In 1966–68 he hosted a series of educational TV programs on the (then new) Icelandic National Television (RÚV), in which he showed the audience some of the National Museum's artefacts and explained their historical context. These programs became quite popular, making him a well known and respected popular figure. This no doubt gave him the incentive needed to run in the 1968 presidential election as a politically non-affiliated candidate.

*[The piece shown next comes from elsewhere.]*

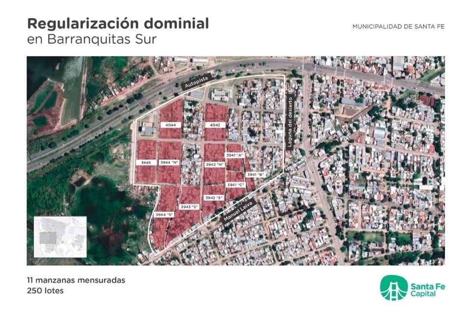 Además de Barranquitas Sur, Pallero recordó que hay 1.800 lotes para mensurar y escriturar en los siguientes barrios: Marcos Bobbio, Barranquitas Oeste, San Pantaleón, 29 de Abril, Varadero Sarsotti, Estanislao López, Pompeya y Santa Rosa de Lima y San Lorenzo.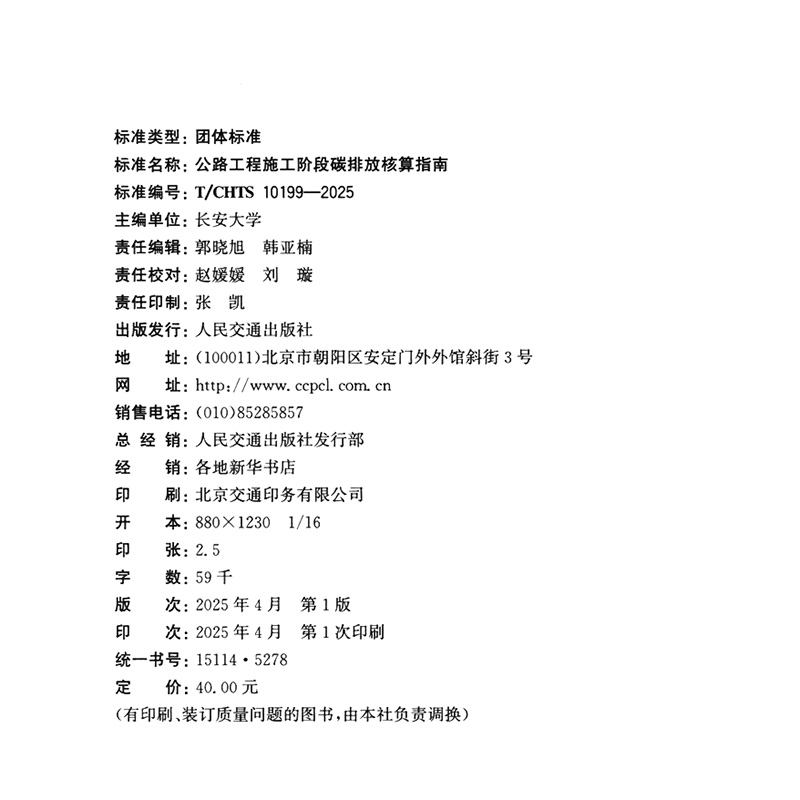 书名:公路工程施工阶段碳排放核算指南(T/CHTS 10199—2025)

Starting as the underdog in the 1968 presidential election, running against Ambassador Gunnar Thoroddsen who initially had a 70% lead in the opinion polls, Kristján won 65.6% of the vote on a 92.2% voter turnout. He was re-elected unopposed in 1972 and 1976. In 1980 he decided not to run for another term, wanting to devote his remaining years entirely to continuing his lifelong academic work.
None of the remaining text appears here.